The most specious family within the Order Araneae is Salticidae, a mega-diverse group which is represented by 5 814 described species, more than 600 genera in the world (World Spider Catalog, 2015) and at least 66 genera in Misiones, Argentina (Rubio, 2014). Jumping spiders are strongly influenced by habitat type (Uetz, 1991; Cumming & Wesolowska, 2004; Rubio, 2015). Their abundance and species composition are affected by the structural complexity of vegetation, giving their site preferences for stalking and hunting prey (Hatley & MacMahon, 1980; Whitmore, Slotow, Crouch, & Dippenaar-Schoeman, 2002; Cumming & Wesolowska, 2004; Tews et al., 2004; Tsai, Huang & Tso, 2006). Also, jumping spiders are easily located due to their conspicuousness and high abundance in ecosystems. These features lead to consider this group as an appropriate model for biodiversity studies (Coddington & Levi, 1991; New, 1999).

The Misiones salticid fauna is relatively well known; the last published inventory revealed that almost 52 % of the Argentinean fauna of Salticidae inhabits this province (Rubio, 2014). Since this is the most relevant inventoried family, all available information on these spiders occurrence and distribution within Misiones, was used to generate the taxonomic diversity assessments included in this study. Hence, the objectives of this study were to assess the jumping spider richness, to analyze different ecoregional taxonomic diversities, and to evaluate their taxonomic differentiation (β-diversity) among ecoregions in Misiones province.

MATERIALS AND METHODS

Species inventory: A total of 501 records of Salticidae species from Misiones province were used (Fig. 1).
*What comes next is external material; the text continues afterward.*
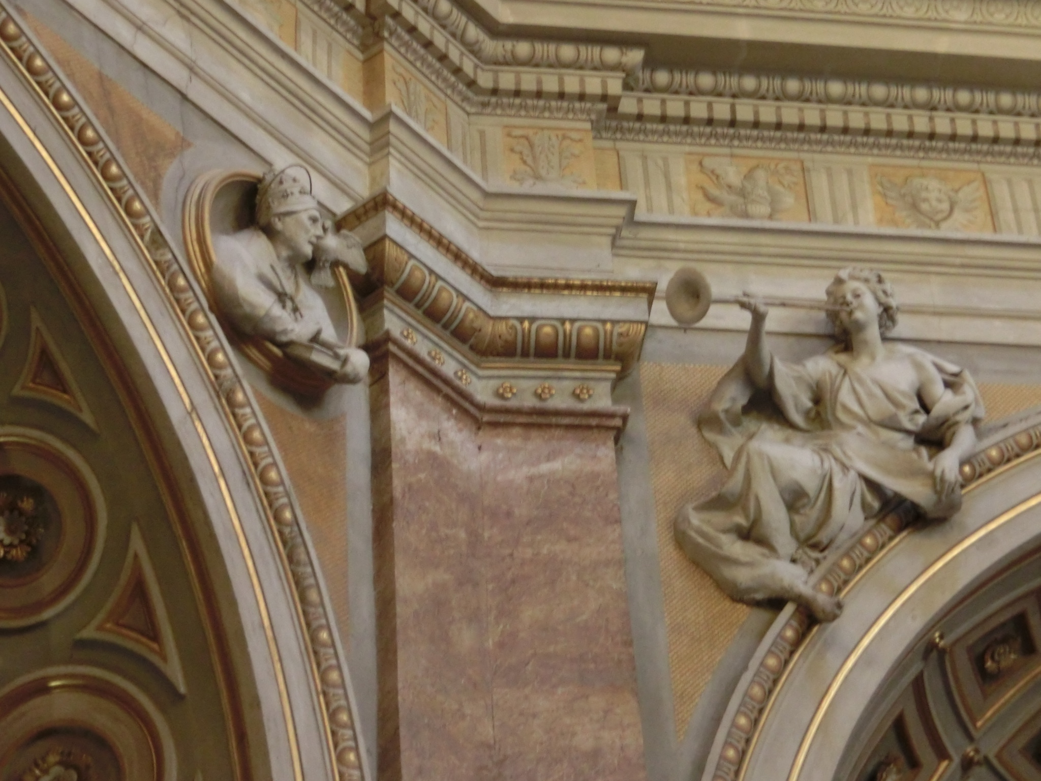8角形の内部は、各辺に祭壇と礼拝堂が置かれた華やかなもの。クーポラ上から入る光によって美しく浮かび上がります。後になって知ったのですが、教会裏側から地下礼拝堂にも行けるようなので、気になる方はそちらも訪問してみて下さいね。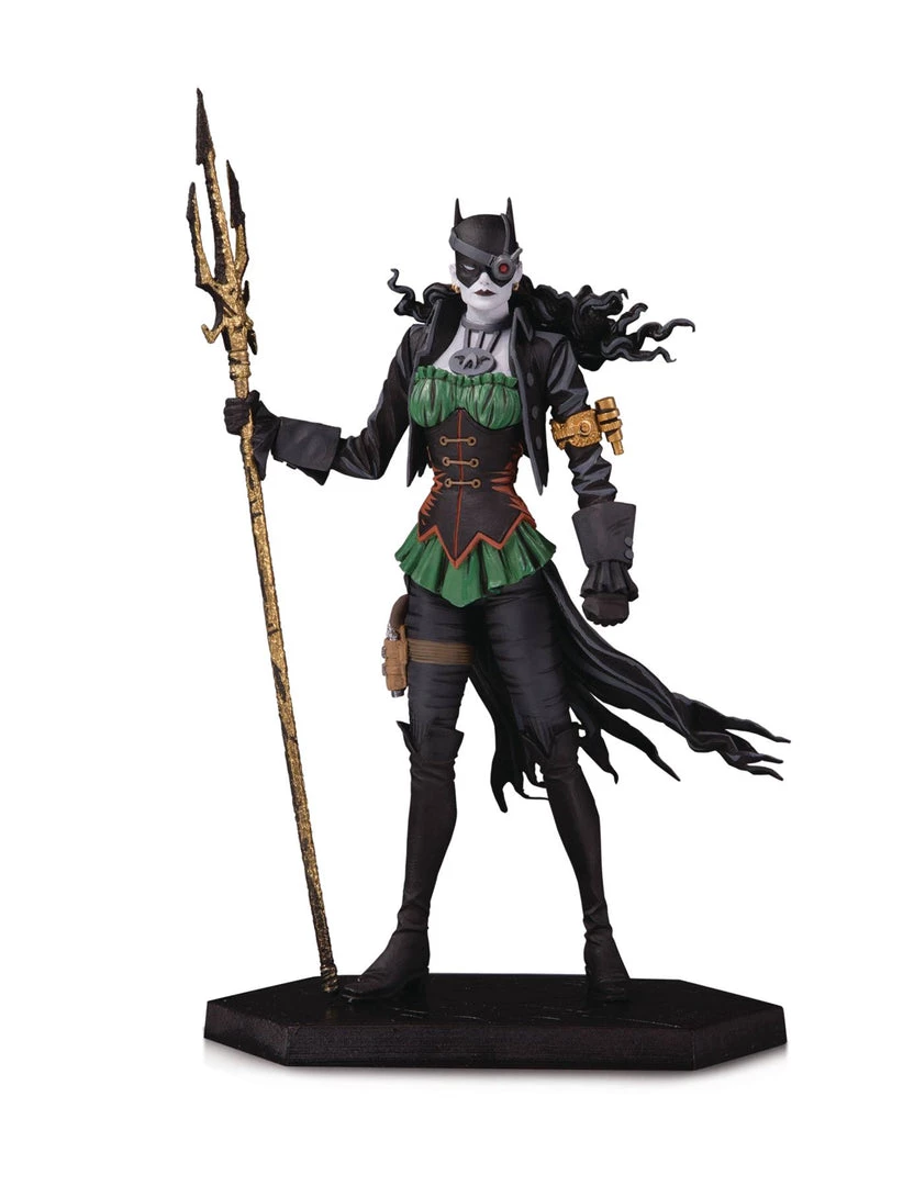 Rocking into our world from the pages of DARK NIGHTS: METAL comes a nightmarish fusion of a gender-flipped Batman and Aquaman-the Drowned. Bryce Wayne came from Earth-11 and harbored a deep hatred of the Atlanteans for their role in the death of her beloved, Sylvester Kyle. In a quest to avenge Kyle, she spliced her DNA with that of Atlanteans, becoming a super-powered Dark Knight capable of breathing and fighting underwater. This carefully detailed statue highlights the unique character design of this mashup, as the Drowned has her own trident and cape, and sports the flowing hair of a submerged and vengeful Dark Knight.

For this, a number of sources were used, most of which (68 %) were based on specimens from the arachnid collection of the Museo Argentino de Ciencias Naturales “Bernardino Rivadavia” (MACN-Ar, C. Scioscia). Other sources were the recent surveys of 2013, 2014 (23 %) deposited at the arachnid collection of the Instituto de Biologia Subtropical (IBSI-Ara, G. Rubio), and available literature (9 %) including cited specimens from Museo de La Plata collection (MLP, L. Pereira) (Mello-Leitão, 1945; Pereira, Sutton, & Ramírez, 1999). Specific identities were checked for consistency with the current taxonomic nomenclature in the World Spider Catalog (WSC, 2015) which was followed in every case. Subfamily classification of salticids was based on the following priority order: Maddison et al. (2014), Bodner and Maddison (2012), Maddison (2011), Maddison and Hedin (2003) and the Catalogue of Salticidae by Prószyński (2015). The details of the complete inventory can be seen in Rubio (2014).

Taxonomic diversity was assessed and compared between ecoregions: Upper Parana Atlantic Forest (UPAF), Araucaria Moist Forest (AMF), and Southern Cone Mesopotamian Savanna (SCMS). With the complete inventory of species I generated two measures called Average Taxonomic Distinctness (Δ+) and Variation in Taxonomic Distinctness (Λ+) (sensu Clarke & Warwick, 1998, 2001). On one hand, Δ+ takes into account the taxonomic level at which any two species are related and can be thought of as the average length –in the taxonomic tree– between any two randomly chosen species present in the assemblage (Warwick & Clarke, 1995; Magurran, 2004). Thus, Δ+ is a direct measure of α-taxonomic diversity: a high value of Δ+ reflects high taxonomic diversity (low relatedness among species). On the other hand, Λ+ reflects the degree to which certain taxa are over- or under-represented in assemblages. Therefore, Λ+ measures the unevenness in the taxonomic tree, and is thus complementary to the concept of taxonomic biodiversity: high taxonomic diversity would be expected for a community with an even distribution of species among the taxonomic levels and units, a situation that would result in a low value of Λ+.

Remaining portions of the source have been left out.